WHAT YOU HAVE TO DO:
Print only the lines from the top of the data through the line with "Bei den Fältchen", both included, skipping every picture.

MATERIAL PROVIDED:
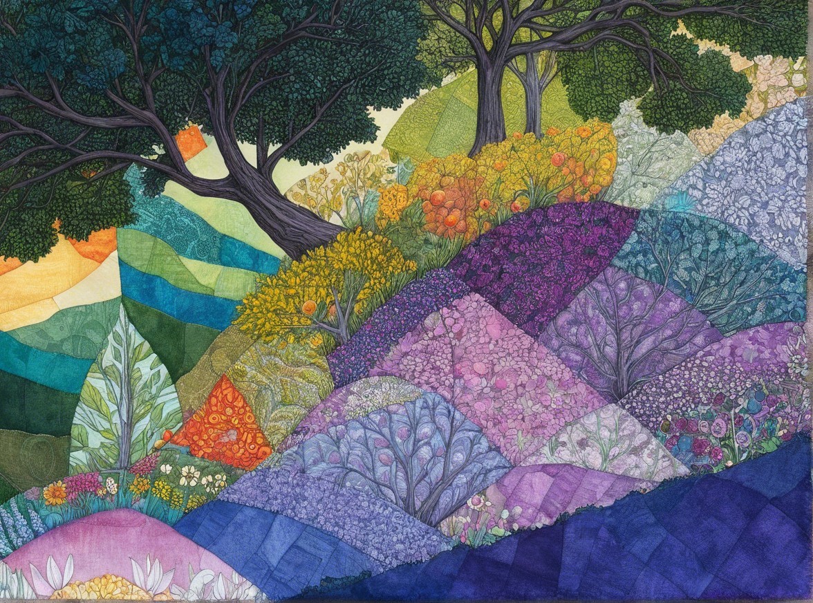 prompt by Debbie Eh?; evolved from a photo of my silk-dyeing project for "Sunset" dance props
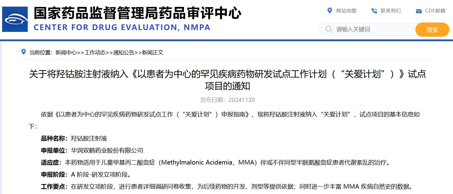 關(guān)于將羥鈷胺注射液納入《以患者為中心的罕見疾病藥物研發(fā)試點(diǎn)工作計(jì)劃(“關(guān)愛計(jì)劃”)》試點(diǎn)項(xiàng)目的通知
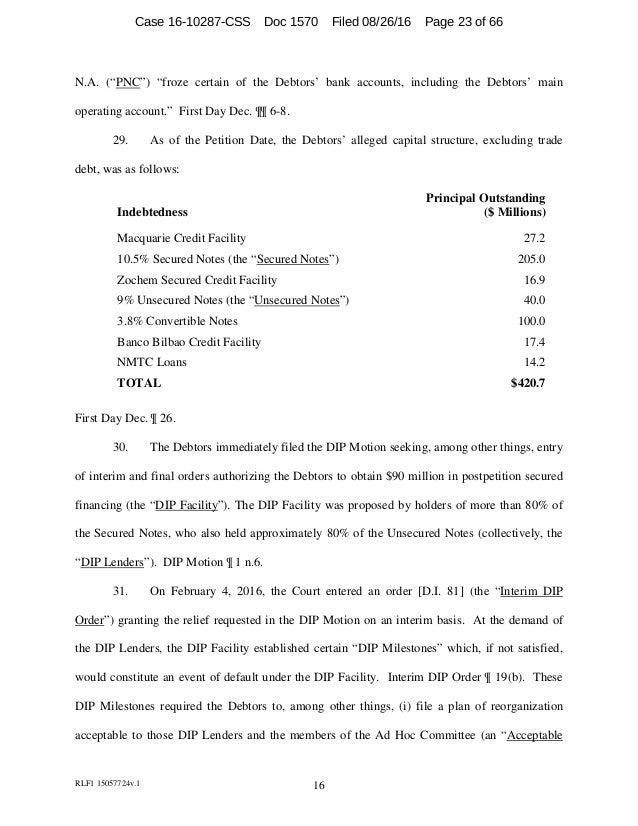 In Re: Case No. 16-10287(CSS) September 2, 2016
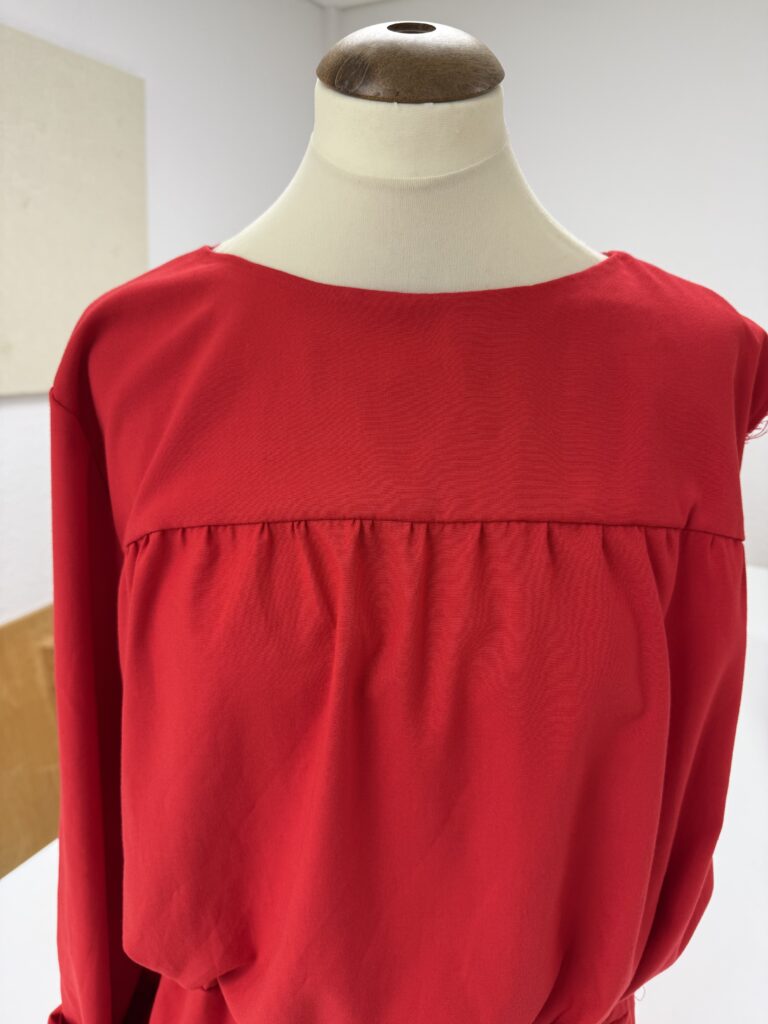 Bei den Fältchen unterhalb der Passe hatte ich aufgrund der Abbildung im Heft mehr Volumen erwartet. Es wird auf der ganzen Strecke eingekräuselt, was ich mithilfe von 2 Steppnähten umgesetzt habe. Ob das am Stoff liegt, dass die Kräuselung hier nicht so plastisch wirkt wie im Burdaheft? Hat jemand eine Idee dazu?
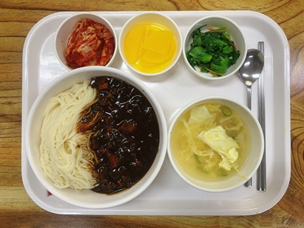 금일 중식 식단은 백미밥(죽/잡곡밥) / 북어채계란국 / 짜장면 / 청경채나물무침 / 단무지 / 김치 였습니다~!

WRITTEN ANSWER:
 prompt by Debbie Eh?; evolved from a photo of my silk-dyeing project for "Sunset" dance props
 關(guān)于將羥鈷胺注射液納入《以患者為中心的罕見疾病藥物研發(fā)試點(diǎn)工作計(jì)劃(“關(guān)愛計(jì)劃”)》試點(diǎn)項(xiàng)目的通知
 In Re: Case No. 16-10287(CSS) September 2, 2016
 Bei den Fältchen unterhalb der Passe hatte ich aufgrund der Abbildung im Heft mehr Volumen erwartet. Es wird auf der ganzen Strecke eingekräuselt, was ich mithilfe von 2 Steppnähten umgesetzt habe. Ob das am Stoff liegt, dass die Kräuselung hier nicht so plastisch wirkt wie im Burdaheft? Hat jemand eine Idee dazu?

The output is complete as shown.